Deploying Buzzwords and Generating Fear
Fearing that the law would pass and they would have to operate in a more consumer-friendly way, the insurers got the U.S. Chamber of Commerce and the Federation of Independent Business to join them in a deception-based campaign -- planned and carried out by the PR firm Porter Novelli and the front group it created and staffed, the Health Benefits Coalition—to scare people into thinking that the law would open the floodgates to "frivolous lawsuits." That was a term they knew from focus groups would be especially effective in their multi-million dollar campaign to manipulate public opinion. The effect of all those frivolous lawsuits, HBC alleged, would be skyrocketing health insurance premiums.
There was no real evidence that would happen. In fact, in the two years after the Texas legislature in 1997 passed a Patients' Bill of Rights with an expanded right to sue, only four lawsuits were filed. Nevertheless, the fear-mongering campaign had the intended effect. House and Senate leaders could never agree on a single bill. Bush did not have to exercise his threatened veto because no Patients' Bill of Rights ever reached his desk.

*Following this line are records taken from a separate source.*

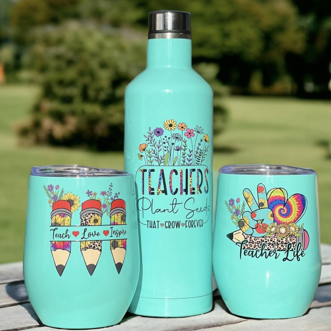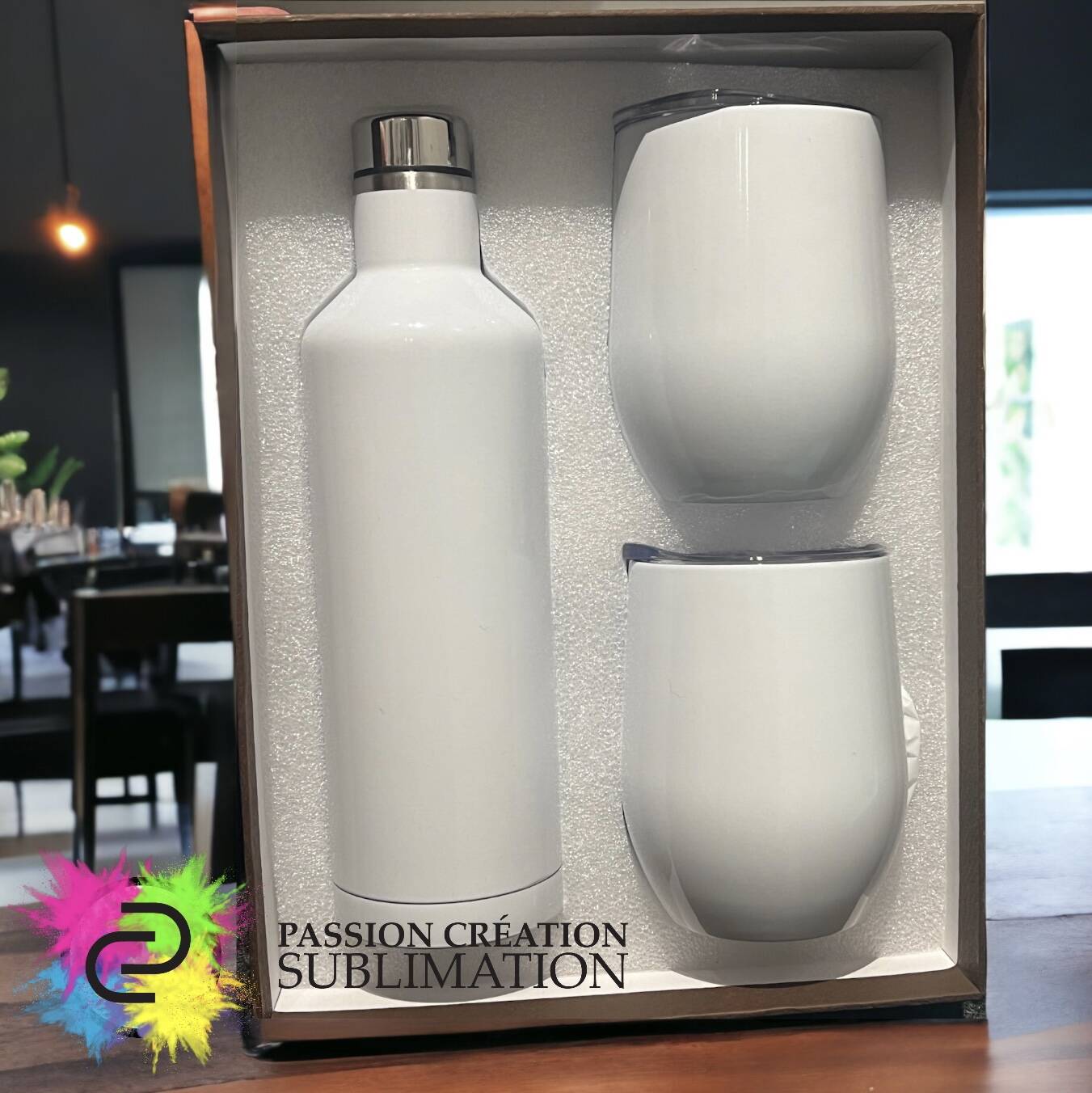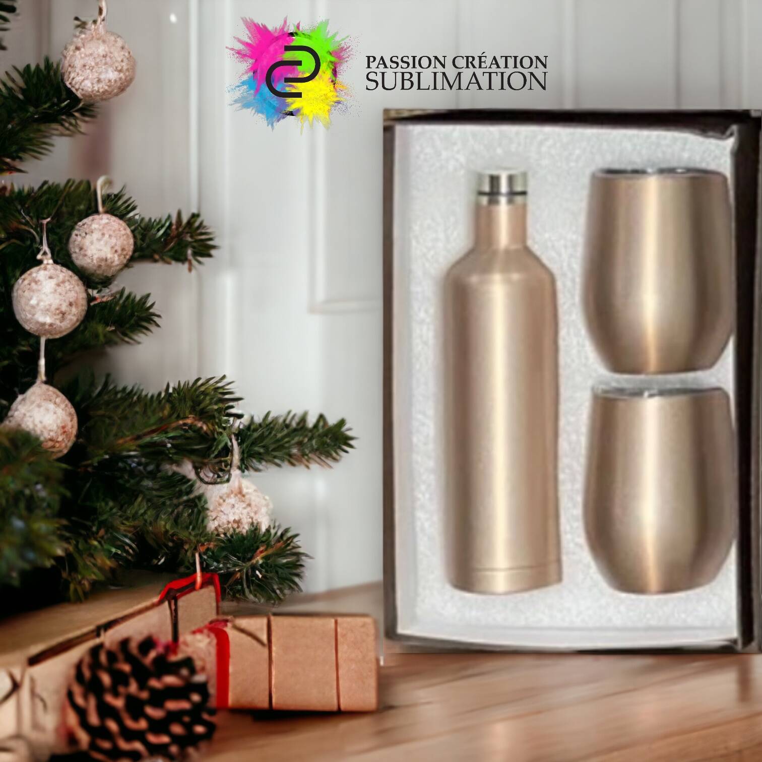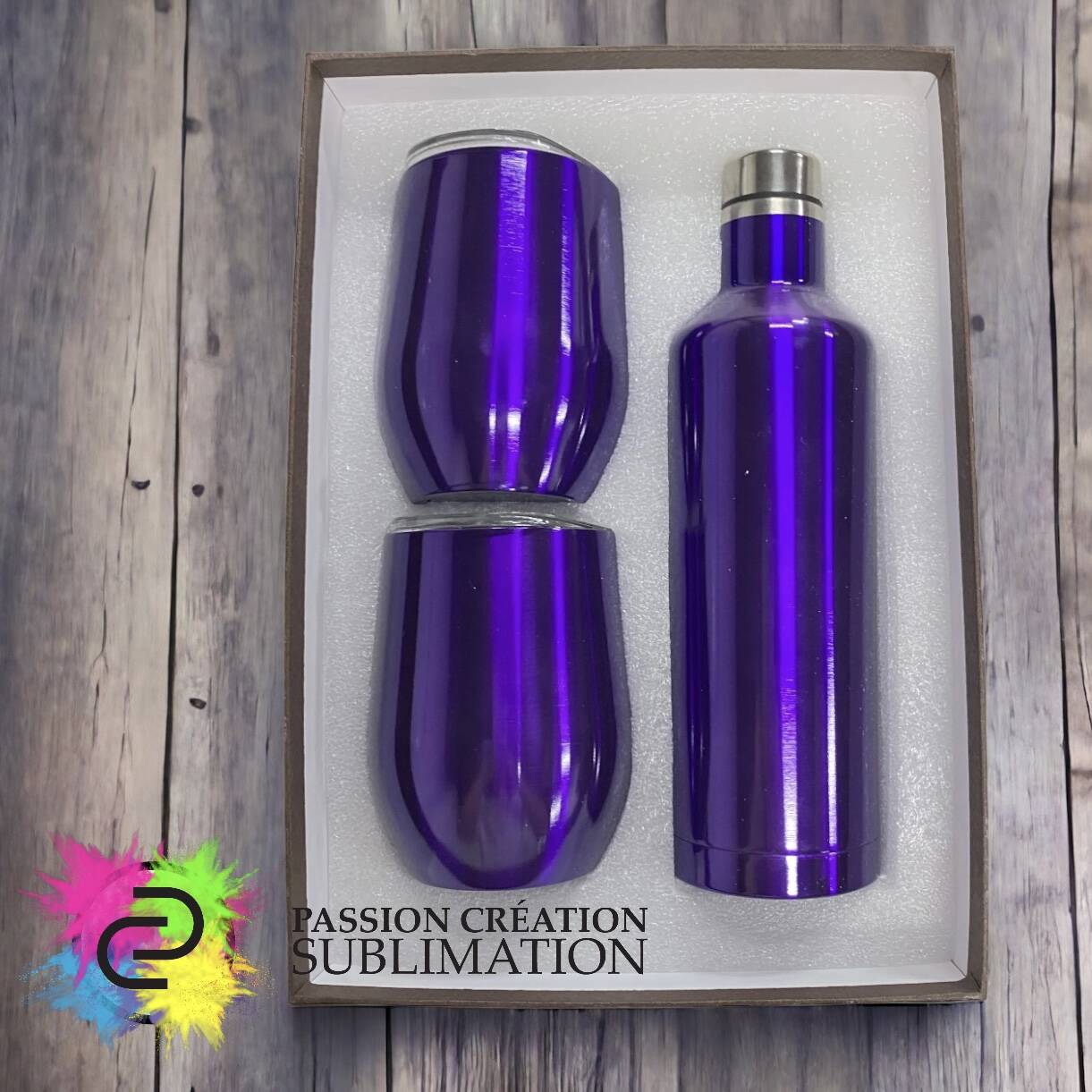 Ensemble de vin bouteille et verre à double paroi, en acier inoxydable colorés comprenant 1 bouteille 650 ml, avec 2 tumbler à vin 12oz et boîte cadeau. Pour DTF et vinyl seulement
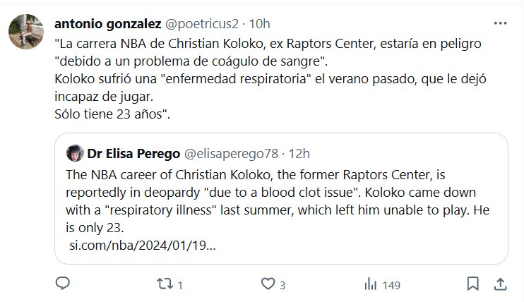 NODIGASCOVID HACE ESTRAGOS «La carrera NBA de Christian Koloko, ex Raptors Center, estaría en peligro «debido a un problema de coágulo de sangre». Koloko sufrió una «enfermedad respiratoria» el verano pasado, que le dejó incapaz de jugar. Sólo tiene 23 años»
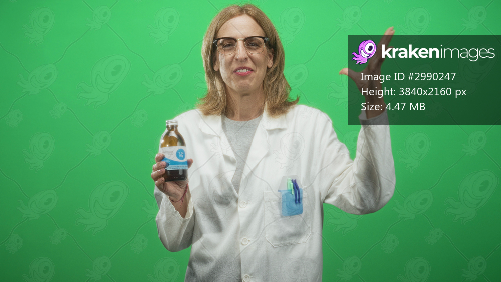 Woman doctor in white lab coat holds syrup bottle, fingers to lips tasting medicine with glasses and pen pocket in studio; reassurance.
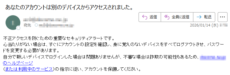 「別のデバイスからアクセスされた」としてアカウントにログインを要求するメール「件名:あなたのアカウントは別のデバイスからアクセスされました。」
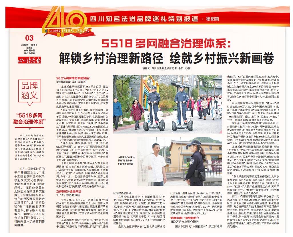 中江县公安局东北派出所将辖区“中国挂面村”制作挂面的匠心智慧融入警务实践,独创“挂面调解法”,并依托其5大特征、5次发酵、18道工艺,构建起具有公安特色的“5518多网融合治理体系”。
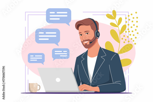 A focused professional man with a headset is working diligently on his laptop, illustrating remote work and modern communication in a vibrant workspace.
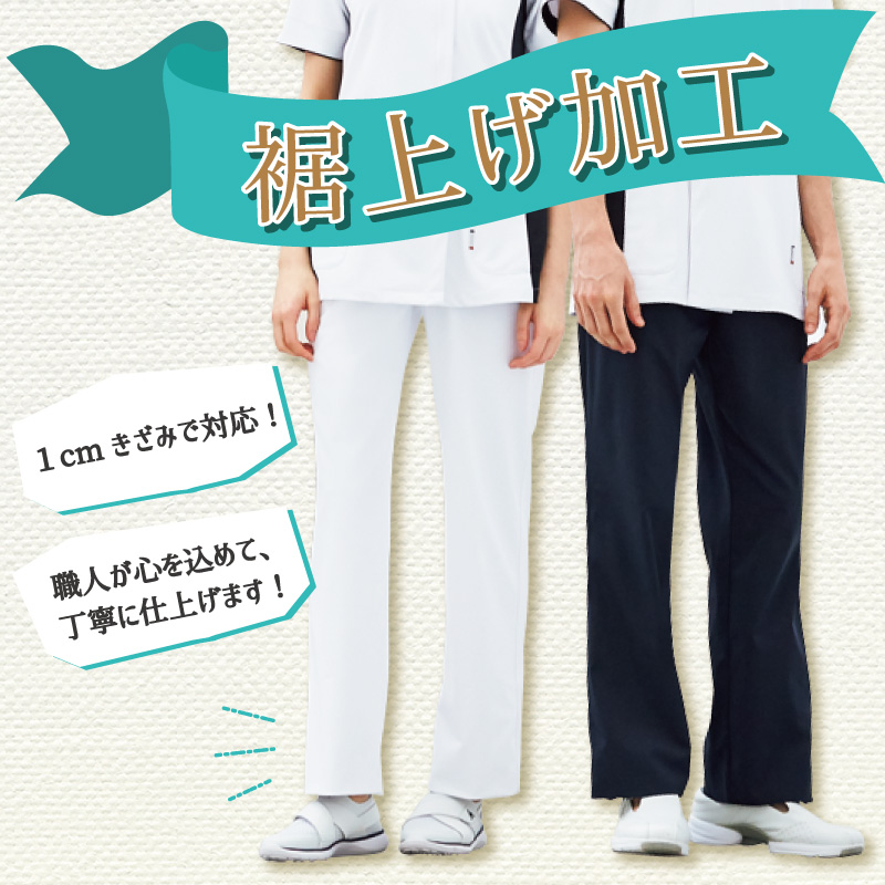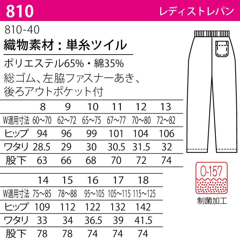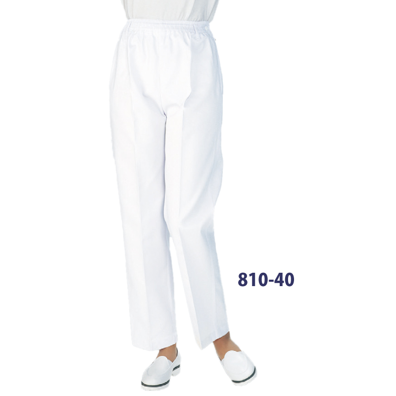 トレパン パンツ レディース コック シェフ フード レストラン 飲食店 和食 洋食 厨房 調理師 ユニフォーム 白 O-157 制菌 総ゴム 快適 ラク KAZEN 810 裾上げ
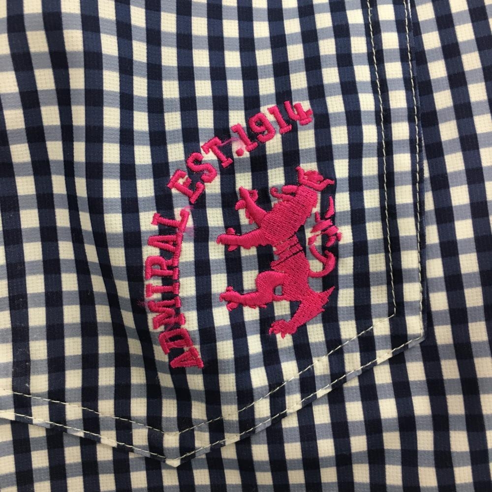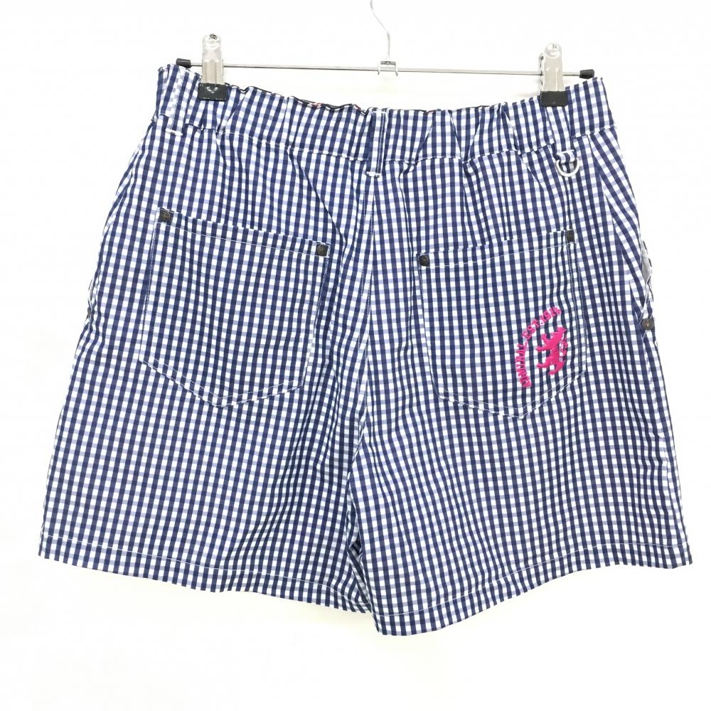 【美品】アドミラル ショートパンツ 白×ネイビー ギンガムチェック 裏地付き ウエスト後ろゴム レディース L ゴルフウェア Admiral
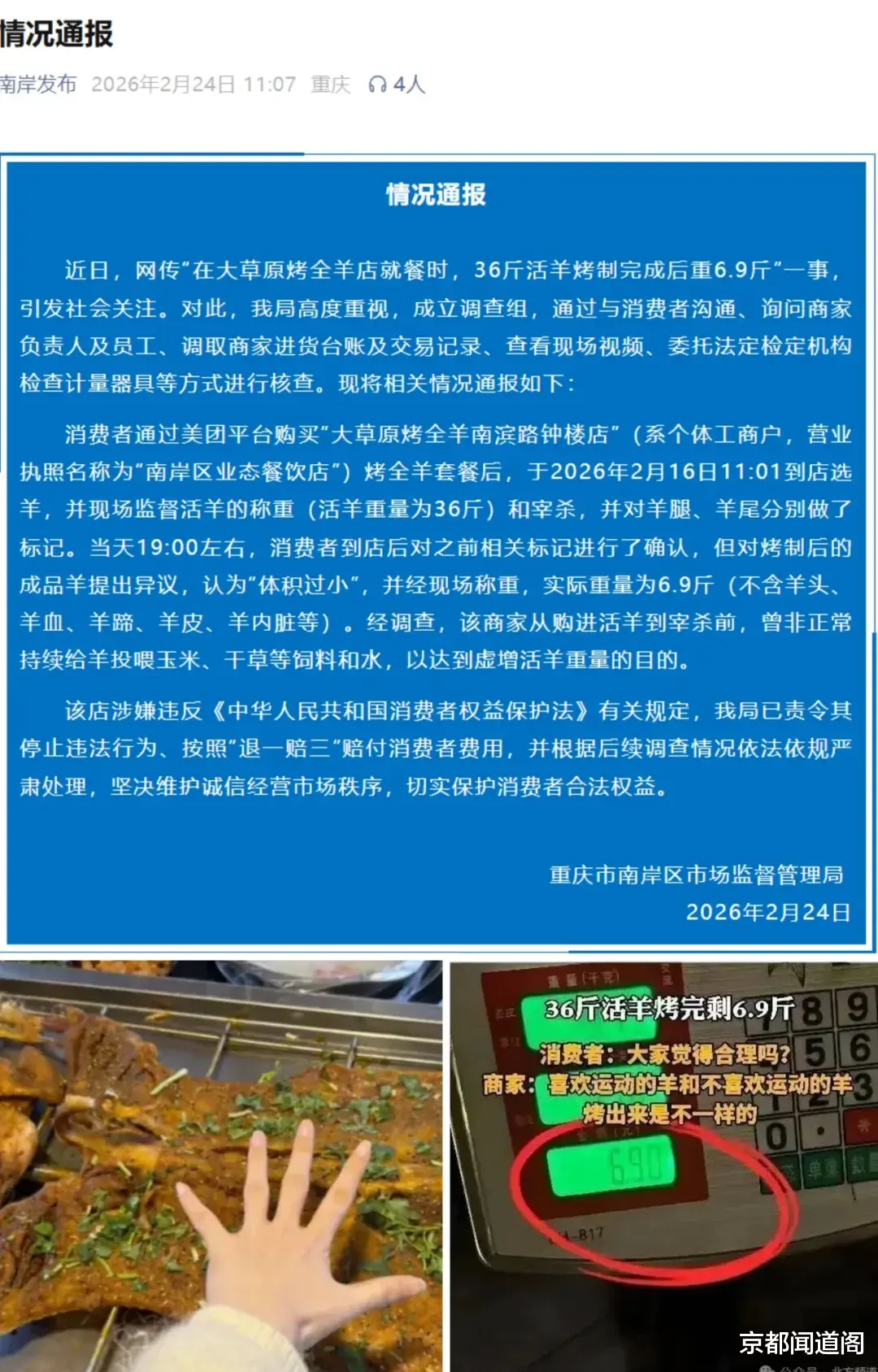 除夕夜的团圆宴,本应暖意融融,重庆王女士一家却遭遇窝心事:花1188元点的烤全羊套餐,现场监督称重的36斤活羊,烤完后竟只剩6.9斤,薄得几乎无肉可食。面对质疑,商家的辩解层层推诿,从“烤完剩四成”到“羊有个体差异”,再到“烤得太干失重多”——每一句说辞都暴露着唯利是图的贪婪与毫无底线的欺诈。
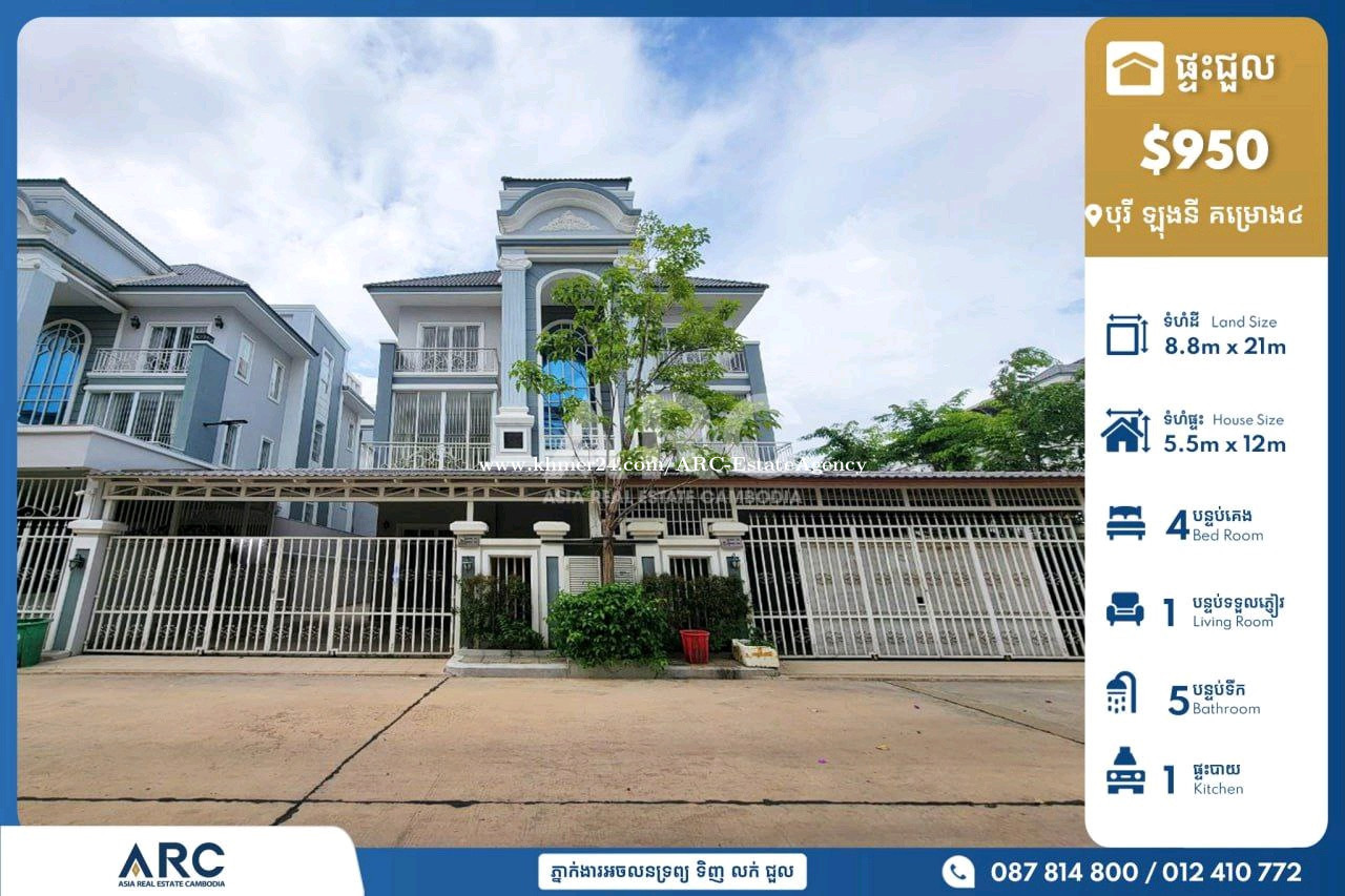 🏘️ វីឡាភ្លោះ(Twin Villa) សម្រាប់ជួលនៅបុរី ឡុងនី (គម្រោង៤) 👉តម្លៃ: 950$(ចរចា) *ទំហំផ្ទះ House Size: 5.5m x 12m *ទំហំដី Land Size: 8.8m x 21m *បន្ទប់គេង Bedroom: 4 *បន្ទប់ទឹក Bathroom: 6 👉សម្ភារ:មាន: (ម៉ាសុីនត្រជាក់ ៤គ្រឿង) 👉ទិសបែរ:(ត្បូង) 👉ផ្ទះថ្មីស្អាត ទល់មុខសាលារៀនប៊ែលធី មានសន្តិសុខ២៤ម៉ោង មានផ្សារ សាលារៀន មន្ទីរពេទ្យ..... 📍 នៅសង្កាត់ព្រៃស ខណ្ឌដង្កោ រាជធានីភ្នំពេញ Tel: 087814xxxClick To Call/ 012410xxxClick To Call/ 070410xxxClick To Call Telegram http://t.me/@Vebol087 Channel Telegram https://t.me/ARCDangkorVebol Channel telegram: https://t.me/AsiaRealEstateCambodia #ផ្ទះលក់បន្ទាន់ខ្លាំង #villaforsale #KhanDangkao #khanmeanchey 👉អាជ្ញាប័ណ្ណ:EV-08-069
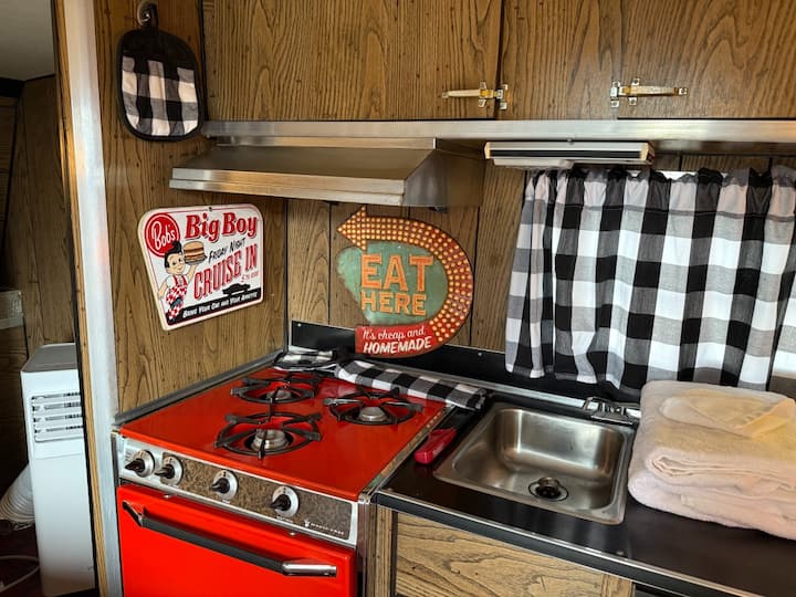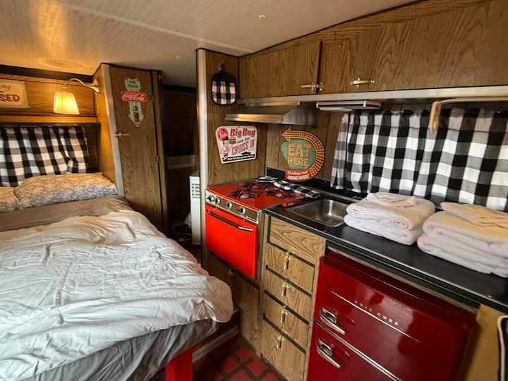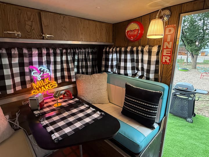 走进Ruby 's Diner,这是一辆欢快的复古露营车,灵感来自经典的路边餐厅。 这间舒适的房源配备了全尺寸床垫、空调、暖气、迷你冰箱和基本餐具。 在室外享用烧烤架、野餐桌、躺椅和火坑。 Ruby 's Diner使用我们附近的浴室,配备现代化的淋浴间和卫生间。 房客还可以享受季节性泳池、游乐场、庭院游戏和我们标志性的复古加油站照片拍摄点。

As the recent debate on reform began to heat up and Kucinich and other lawmakers began calling for changes to ERISA, the big for-profit insurers joined several of the country's largest employers to bankroll a new front group called the National Coalition on Benefits. The sole purpose of that group, like its predecessor the Health Benefits Coalition, was to fight any attempt to tinker with ERISA. The strategy worked just like it did the first time. No tinkering was allowed.
More Reform is Needed
Insurers and big employers argue that ERISA allows them to offer benefits to their employees more efficiently because it exempts them from what they pejoratively call a patchwork of state regulations. That's true, but many consumer advocates, health policy experts, jurists and regulators believe that the ERISA preemption of state laws does more harm than good. As the National Association of Insurance Commissioners noted in a comprehensive report on the often harmful consequences of ERISA's preemption of state laws: "ERISA provides few rights to consumers and, more significantly, it is used as a weapon to block the states' implementation of health care consumer rights."
So while Obama's Patients' Bill of Rights represents an important step forward, much more reform is needed if the United States is ever to have a health care system that benefits its citizens more than profit-driven health insurance companies.